The idea of growing my own fruits and vegetables is appealing, but the reality of that ever happening is pretty slim. I just don’t have the know-how or the patience to set up and manage a garden properly. But FarmBot, the startup that sells home gardening robot kits, could change all that as the company announced today the launch of its new Express and Express XL robots, and placed them on pre-sale for the month of July.

The FarmBot is a cartesian coordinate robot that sits on top of your raised garden. According to the company, each kit comes 95 percent pre-assembled, and should only take an hour to set up. Once that’s done, FarmBot’s software lets you drag-and-drop to map out where you want to plant your different vegetables and fruits. Then FarmBot will sow the seeds, monitor them through its on-board camera, water them properly, and even spot and remove weeds. As is par for the course these days, all of this activity can be tracked via mobile app on your phone.

The new FarmBot models won’t ship until November, but the company has put them on pre-order sale for the month of July. The Express (1.2 metes by 3 meters) will set you back $1,500 now, with the price jumping to $2,300 after the sale, and the Express XL (2.4 meters by 6 meters) will cost $2,000 during the sale, going up to $2,800 afterwards.

The other cool thing about FarmBot is that it’s completely open source — even its financials. All the CAD drawings, software and documentation is online for you to download. In fact, the entire company is open source and transparent about all of its actions and activities.

So far, FarmBot says that it’s shipped more than 1,000 kits to “early adopters” in more than 65 countries. FWIW, in December of 2018, the company reported that it sold a skosh over 800 of its previous Genesis and Genesis XL kits to bring in $2.5 million in revenue.

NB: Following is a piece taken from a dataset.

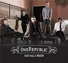 "Say (All I Need)" is a song by American pop rock band OneRepublic. It is the third single released from their debut album Dreaming Out Loud and follows the global success of their previous top ten singles, "Apologize" and "Stop and Stare". OneRepublic vocalist Ryan Tedder has commented that "Say (All I Need") is his "favorite track on the album."[1] All five members of the band Ryan Tedder, Zach Filkins, Drew Brown, Eddie Fisher and Brent Kutzle share writing and composing credits on the song.[2] The single was released in the UK on June 2, 2008 and features their Live Lounge cover of Duffy's single "Mercy".[3] The single was released on June 24, 2008 in the United States.

With its new Express and Express XL models, the company says it is “ready to bring FarmBot to the masses,” which includes not just residential customers, but small scale farmers and places like universities. And while $1,500 isn’t cheap per se, and the machine won’t be of any use for city dwellers because of its size, if the kits are as easy to set up and run as promised, that price point could get those aspiring — but failing — gardeners the robot green thumb they need.